For scientists, farmers and agricultural policy-makers, one nagging question has yet to be completely “unearthed”: Just how healthy (or unhealthy) are the nation’s soils?
Dr. Wayne Honeycutt, chief executive officer of the Soil Health Institute, said, “We can’t really know the answer to that question until we have a set of common soil health measurements that scientists and farmers can compare and track over time, but we believe our endorsement of 19 measures will help us seek and track that common ground – and, ultimately, answer that important question.”
The concept of soil health is gaining widespread attention because it promotes agricultural practices that are not only good for the farmer but also good for the environment. An abundance of research shows that improving soil health boosts crop yield, enhances water quality, increases drought resilience, reduces greenhouse gas emissions, increases carbon sequestration, provides pollinator habitat and builds disease suppression. To help implement widely applicable, consistent measures of soil health, the Soil Health Institute announced its endorsement of 19 national soil health measurements.
Over the last three years, scientists from public and private sectors, farmers, field conservationists, soil test laboratories and many others provided input to develop a “Tier 1” list of recommended soil health measures, considered effective indicators of soil health. These specific measurements are regionally defined, have known thresholds and help define management strategies to improve soil function – like providing nutrients and water.
“Establishing these measurements of soil health will allow a broad group of stakeholders to speak the same language,” Honeycutt said. “This will go a long way in mobilizing further efforts to improve sustainability of our food production systems.”
National Association of Conservation Districts president Brent Van Dyke said the group "believes a shared, foundational understanding of how we measure soil health is critical to advancing the adoption of conservation management practices countrywide. We anticipate that through our own Soil Health Champions Network and supported by the measurement efforts of the Soil Health Institute, our nation's agricultural producers will be better equipped than ever to sustainably grow America's food, fuel and fiber in an era of unprecedented global demand."
Soil health, like human health, is a complex and holistic concept. For example, when a person goes to a medical doctor, their health is not judged by blood pressure alone. Instead, many tests are used to assess their health. In a similar way, soil health is based on numerous chemical, physical and biological measurements.
Examples of the specific Tier 1 measures include organic carbon, pH, water-stable aggregation, bulk density and available water holding capacity. A complete list of all 19 endorsed soil health measurements is available here.
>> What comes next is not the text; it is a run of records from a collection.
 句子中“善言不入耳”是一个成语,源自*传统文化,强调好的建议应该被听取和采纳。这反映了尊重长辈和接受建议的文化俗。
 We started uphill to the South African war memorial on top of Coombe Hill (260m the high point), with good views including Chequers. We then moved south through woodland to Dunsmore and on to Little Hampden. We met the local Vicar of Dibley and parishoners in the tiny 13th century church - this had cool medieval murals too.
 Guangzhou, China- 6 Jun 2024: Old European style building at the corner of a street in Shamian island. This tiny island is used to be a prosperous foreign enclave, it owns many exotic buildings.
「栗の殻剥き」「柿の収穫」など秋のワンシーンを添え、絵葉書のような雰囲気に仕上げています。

“Many of these Tier 1 measures have proved effective to help producers achieve high yields for decades,” Honeycutt said. “Consequently, many of the soil test laboratories and field conservationists are already using these measurements. Currently, the Soil Health Institute is reaching out to those organizations to explore additional implementation opportunities.”
“We support the wide-scale adoption of these soil health indicators, recognizing the robust process and scientific collaboration behind them,” said Nick Goeser, director of the Soil Health Partnership and director of soil health and sustainability for the National Corn Growers Assn. “We encourage farmers and agronomists to regularly test soil, use these indicators as business management tools for greater insight and adopt practices that will improve soil health, like reducing the intensity of tillage to build soil organic matter.”
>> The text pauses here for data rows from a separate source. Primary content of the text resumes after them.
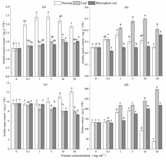 The soluble sugar content of seedlings was significantly higher than that of CK (p < 0.05) when the concentration of aqueous pericarp extract was 10 mg mL−1, and the highest content was achieved when extract concentration reached 50 mg mL−1. The soluble sugar content gradually decreased with increase in the concentration of aqueous extract leaf and rhizosphere soil extracts.
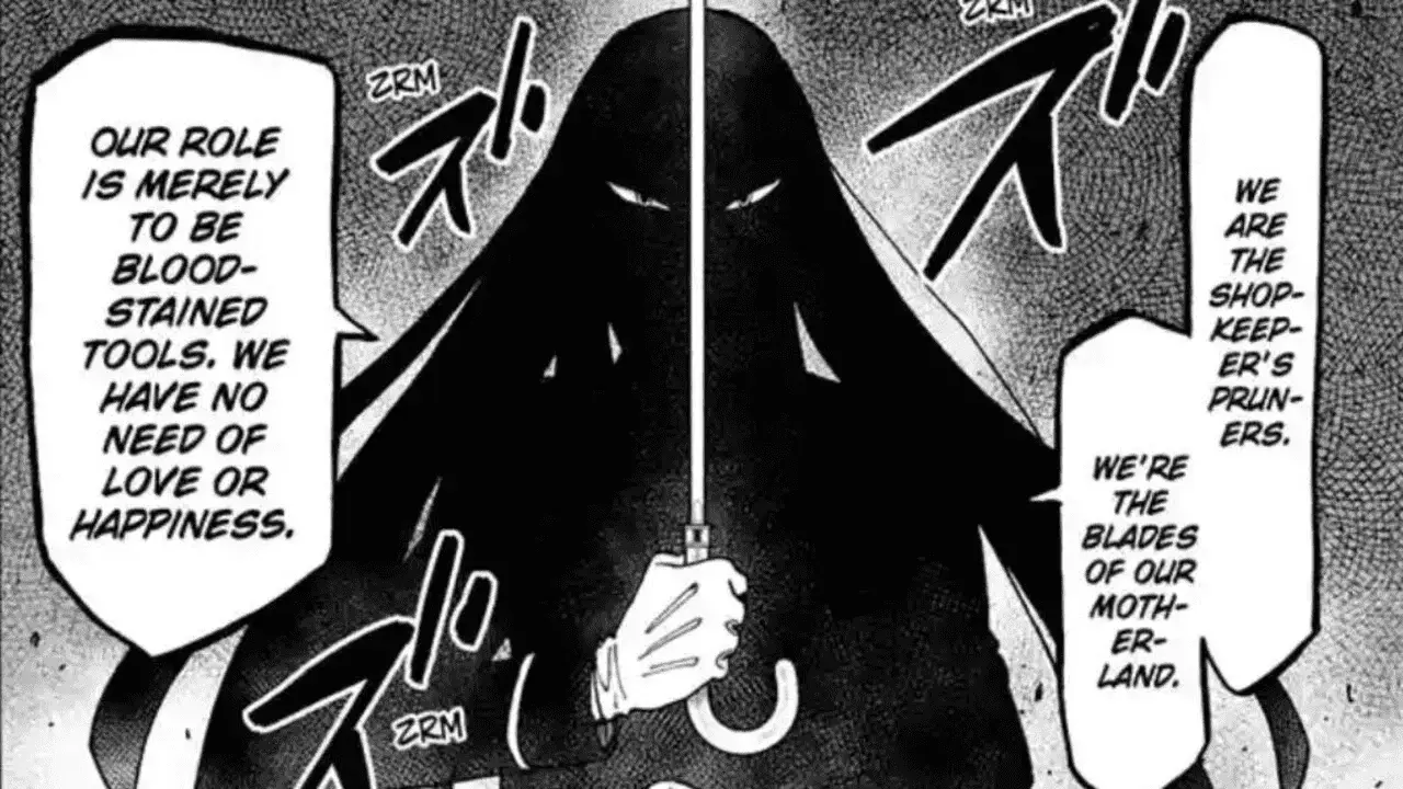 Yor urges Hemlock to stop and promises to not get in the way of his work. But Hemlock keeps swinging his sword at her, intending to kill her. Hemlock is angry because due to Yor’s constant talks about her family, even Gympie has started talking about getting a boyfriend. He says Yor’s head is now filled with thoughts of welcome home kisses and whatnot. Yor tries to protest, saying she’s doing all this to keep up her cover identity. But Hemlock says that none of that nonsense belongs in The Garden. They’re the Shopkeeper’s pruners, and the blades for their motherland. They have no happiness beyond being bloodstained tools.
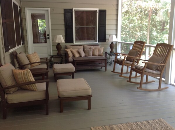 Dies ist ein großes Waldgrundstück, das sichert zu anderen stark bewaldeten viel, mit verschiedenen Wildtieren (Hirsche, Waschbären, etc.) in den Hinterhof. Das gemütlich eingerichtete Haus verfügt über ein Kingsize-Schlafzimmer, zwei Queen-Schlafzimmer, und zwei Schlafzimmer mit zwei Einzelbetten. Die King- und Queen-Schlafzimmer befinden sich auf der Vorderseite mit eingeschränktem Meerblick (derzeit ist ein Haus abgerissen und es gibt einen erweiterten Meerblick). Alle Betten verfügen über neue, luxuriöse Matratzen. Ein Wohnzimmer mit einem Kamin und einem 55-Zoll-Flachbild-TV öffnet sich zu einer abgeschirmten Veranda vor dem Wohnzimmer und dem Esszimmer mit einem Charleston Forge-Esstisch, Stühlen und Eckregalen. Angrenzend an den Speisesaal befindet sich ein verglaster Wintergarten mit einem 48-Zoll-Flachbildfernseher, einem Essbereich (einem Glastisch mit vier Stühlen) und Sitzmöglichkeiten mit Blick auf das Meer. Dieses Zimmer öffnet sich zu einer geräumigen, abgeschirmten Veranda mit einem bequemen Sitzbereich an einem Ende und einer Essgruppe für sechs Personen am anderen Ende und 2 Deckenventilatoren für Komfort sowie einem Edelstahl-Gourmet-Grill auf einem Betonbereich vor der Veranda eine Außendusche.

Soil Science Society of America president Dr. Andrew Sharpley said the society "supports development of scientifically rigorous methodologies to quantify soil health, foster research and promote outreach of reliable metrics to ranchers and farmers.”
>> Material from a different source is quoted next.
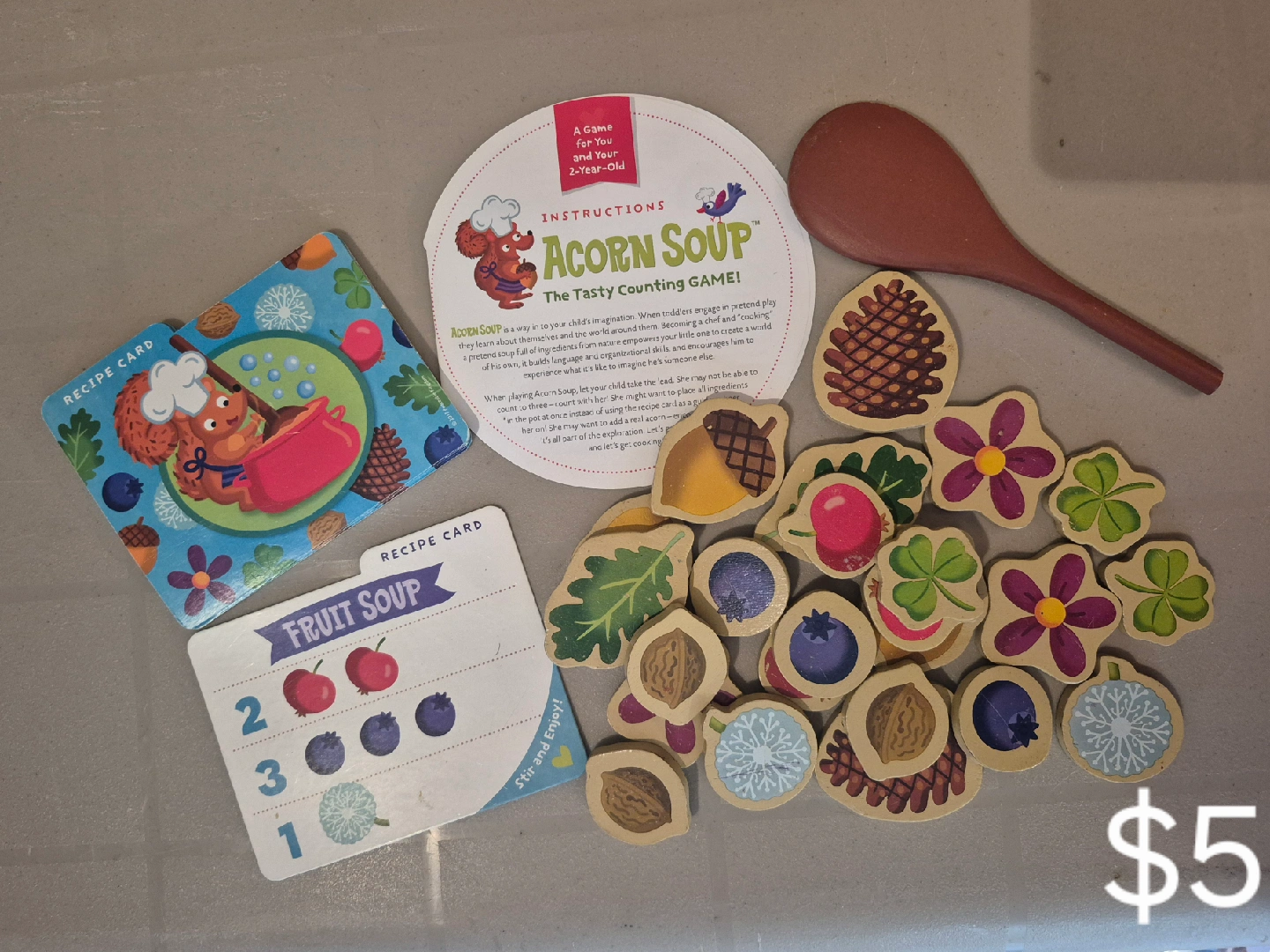 The Acorn Soup counting game is a fun way to engage your preschool or kindergarten child in pretend play! It helps them learn about the world around them and encourages counting, imagination and organizational skills. Stir and enjoy!
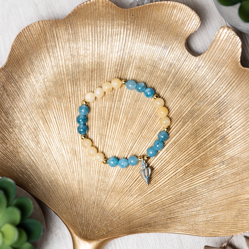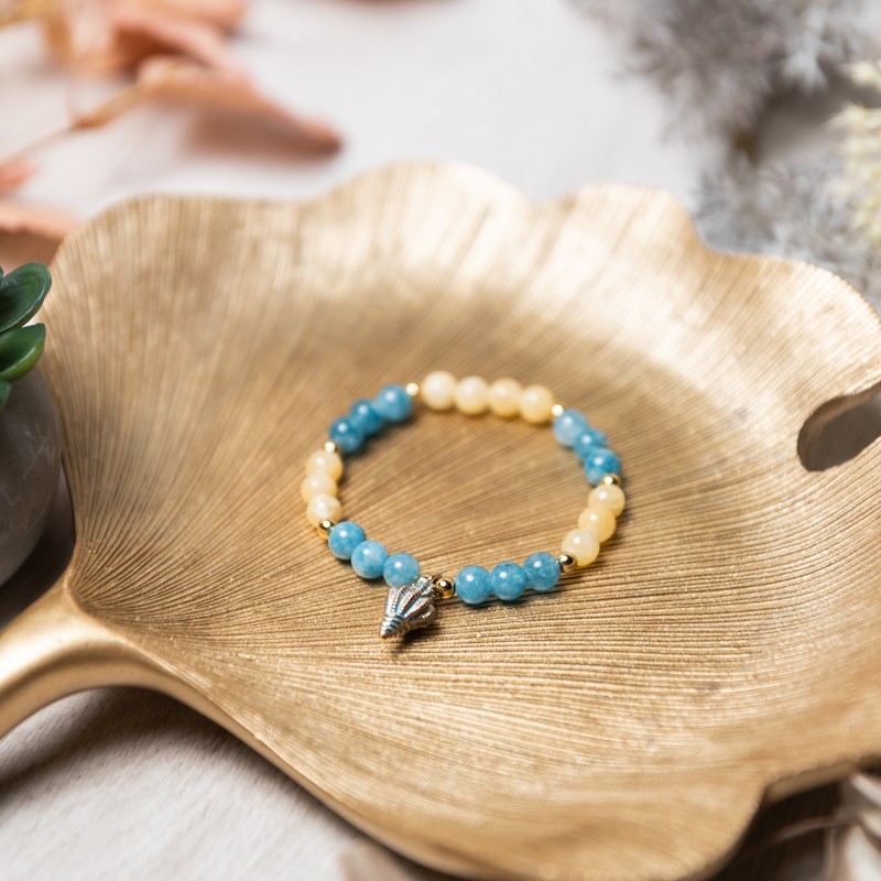 Bratara fete din cristale de Jad si charm scoica, Hirani, margele de 6mm

Work continues with the agriculture industry to add more measurements to the Tier 1 classification; these currently are being researched as Tier 2 and Tier 3 measurements, but they require additional research to elevate them to Tier 1 usefulness. Such research may involve understanding regional differences in interpretation, establishing thresholds and developing management recommendations to improve soil functioning.
“In particular, several biological measurements have significant potential to help suppress diseases naturally, improve water quality, build drought resilience, increase carbon sequestration and reduce greenhouse gas emissions,” said Dr. Steven Shafer, chief scientific officer with the Soil Health Institute. “However, additional research is needed to evaluate Tier 2 and Tier 3 measurements and interpret their contributions to soil health in different climates, soils and production systems.”
“We are working with numerous partners to advance that research and are already making plans to get it into the hands of farmers and ranchers,” Honeycutt added.